E così, vediamo un cast stellare – formato da Keira Knightley, Jason Clarke e Alexander Skarsgård – prendere parte a questa grande coproduzione tra Stati Uniti, Gran Bretagna e Germania, al fine di mettere in scena le vicende di Rachael, la quale, nel 1945, raggiunge, dopo un periodo di forzata lontananza, suo marito Lewis (colonnello britannico incaricato di ricostruire Amburgo dopo i bombardamenti), insieme al quale dovrà dividere la casa con Stefan Lubert e sua figlia adolescente Freeda, ex proprietari dell’abitazione. Sin dal suo arrivo, Rachel mostrerà a Stefan una sorda ostilità.
Il resto, lo si può facilmente intuire. Se, infatti, questo lavoro di James Kent ha dalla sua l’idea di trattare una situazione quasi del tutto nuova, contemporaneamente viene fortemente penalizzato da uno script altamente prevedibile e pericolosamente privo di mordente, dove anche preannunciati momenti di alta tensione finiscono ben presto per sgonfiarsi come palloncini. Che, dunque, dall’iniziale ostilità di Rachael nei confronti di Stefan nascerà, in un futuro prossimo, qualcosa di tenero, lo si può già intuire nel momento in cui l’uomo tenta di porgerle la mano al momento delle rispettive presentazioni. Da questo momento in avanti, al fine di arrivare al tanto agognato congiungimento tra i due amanti, verrà attuata ogni possibile forzatura: dalla repentina trasformazione del povero Lewis da marito perfetto a persona cinica e insensibile, fino all’inaspettato cambio di avviso da parte di Freeda, riguardo la stessa Rachael. Il tutto, di fatto, accentuato da una regia eccessivamente enfatica e didascalica, con tanto di macchina da presa che indugia eccessivamente sulla mano di Stefan poggiata sulla schiena di Rachael o che ci mostra, letteralmente compiaciuta, un affascinante Stefan – con tanto di occhiali da intellettuale – intento a progettare edifici.

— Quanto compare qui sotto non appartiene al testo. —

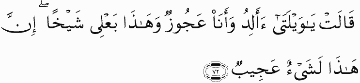 She said, "Woe to me! Shall I give birth while I am an old woman and this, my husband, is an old man? Indeed, this is an amazing thing!"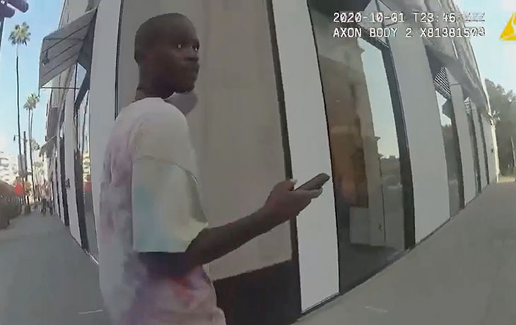 Video captured by a Beverly Hills, California, police officer’s body camera on Oct 1. shows Salehe Bembury, the fashion company’s vice president of sneakers and men’s footwear, admitting to jaywalking at Camden Drive and Wilshire Boulevard before he is released without a citation in under four minutes.

Sempre, ovviamente, con un commento musicale che, in alcuni momenti, tanto ci fa pensare a una vera e propria telenovela.
Tutto preso dal voler raccontare la travagliata storia d’amore, il regista ha dimenticato persino di approfondire il discorso politico (con tanto di relativi interrogativi morali) inizialmente aperto, ma quasi del tutto abbandonato a sé stesso. Eppure, di fatto, esso stava a rappresentare proprio l’elemento di maggiore interesse dell’intero prodotto.
È solo a questo punto che ci torna alla mente il film a cui inizialmente abbiamo fatto riferimento in apertura dell’articolo, ossia Germania Anno Zero di Rossellini. Ecco, i due prodotti, a parte il medesimo periodo storico trattato, non hanno proprio più nulla in comune. Uno dei due verrà ricordato per sempre, l’altro, purtroppo per tutte le maestranze che vi hanno preso parte, no.